(Beginning of Input for this task)
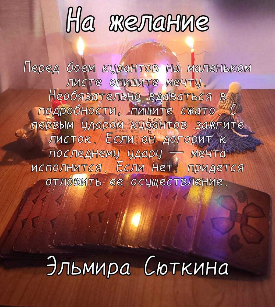 Каждый хоть раз загадывал желание. Одни предпочитают это делать пока падает звезда или бьют куранты, другие — во время празднования китайского Нового года. Есть много способов осуществить мечту. Эти методы помогут определить, исполнится она или нет. Гадания под Новый год помогут узнать о том, что ждет на протяжении следующих 12 месяцев. Не стоит относиться к таким пророчествам очень серьезно. Ведь всё в жизни зависит от нас и в любой момент будущее может измениться. Пишите, разберем все вопросы на Таро или в Астропрогнозе 🔮 Эльмира Сюткина 🪬
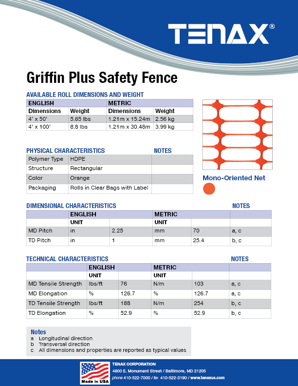 Griffin Plus Safety Fence is the newest addition to the Tenax Construction and Ground Protections line.
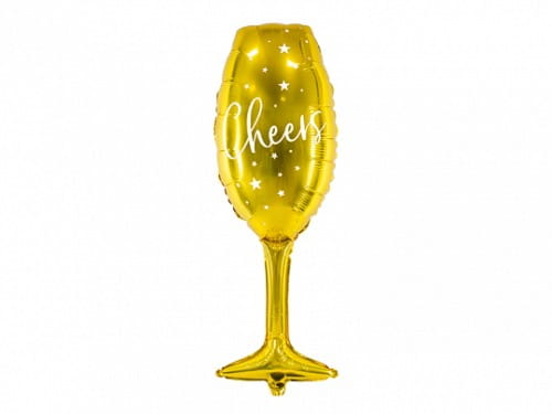 Balon foliowy metalizowany Kieliszek w kolorze złotym z białym napisem "Cheers" wraz z napełnieniem helem,
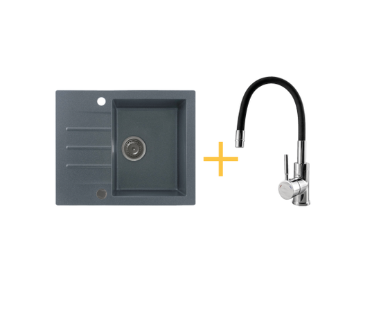 Zestaw zlew granitowy z linii KGS A oraz bateria KWT 29 Elastic Black stanowi stylowe i funkcjonalne połączenie. Zlew granitowy w grafitowym kolorze z ociekaczem oraz bateria z elastyczną wylewką zapewnią ergonomiczną pracę w kuchni. Bateria posiada perlator, który optycznie zwiększa objętość wody poprzez mieszanie je z wodą. Ten zabieg powoduje, że zużywamy mniej wody, co jest korzystne dla naszego portfela i środowiska. Zasięg baterii pozwala na wygodne i dokładne opłukanie całej komory zlewozmywaka. Zlewozmywak Kernau wykonany z komponentów najwyższej jakości posłuży Ci przez długie lata. Jest on odporny na uszkodzenia mechaniczne i łatwy w konserwacji. Został wyposażony w korek automatyczny i syfon oszczędzający miejsce. Można go też bez problemu zamontować z ociekaczem po lewej lub po prawej stronie, co sprawia, że bez problemu dostosujemy go do warunków naszej kuchni. 10-letnia gwarancja na zlew oraz 5-letnia gwarancja na baterię są potwierdzeniem wysokiej jakości zestawu i zapewniają spokój na lata.
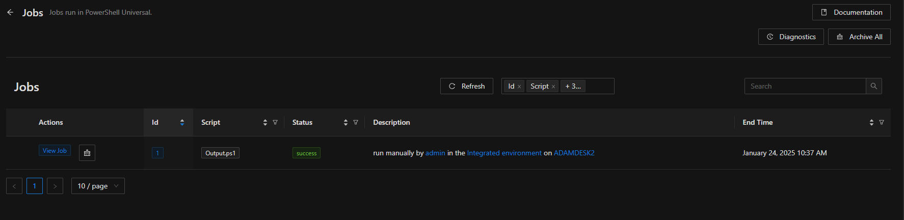 Pipeline output for jobs is also stored within PowerShell Universal. Any object that is written to the pipeline is stored as CliXml and available for view within the Pipeline Output tab.
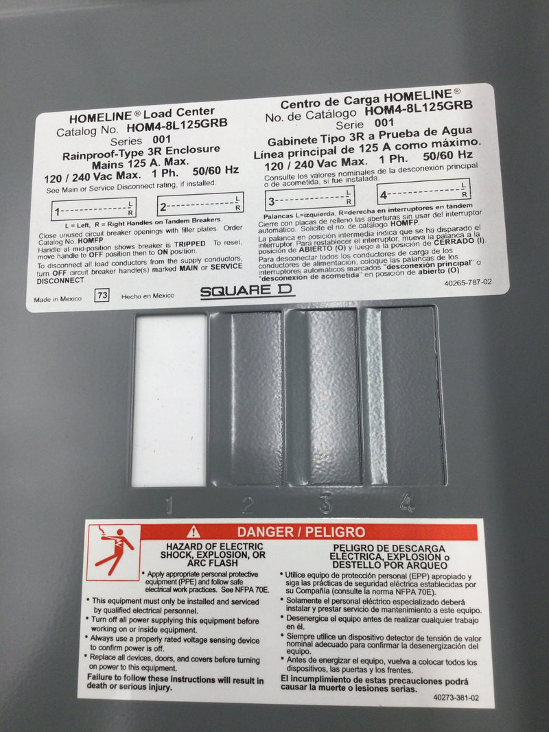 Square D HOM48L125GRB Outdoor Main Lug Load Center 125 Amp 4 Space/8 Circuits 120/240V 1 Phase
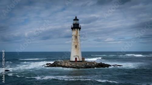 Lighthouse on a Rocky Island Surrounded by the Sea, Evoking Navigation, Coastal Scenery, and Maritime Themes
(End of Input for this task)
- [What you have to do] Only one thing is required: an exact printout of the lines from the line containing "Square D HOM48L125GRB" through the last line of the records, pictures excluded.

- [Answer section]
 Square D HOM48L125GRB Outdoor Main Lug Load Center 125 Amp 4 Space/8 Circuits 120/240V 1 Phase
 Lighthouse on a Rocky Island Surrounded by the Sea, Evoking Navigation, Coastal Scenery, and Maritime Themes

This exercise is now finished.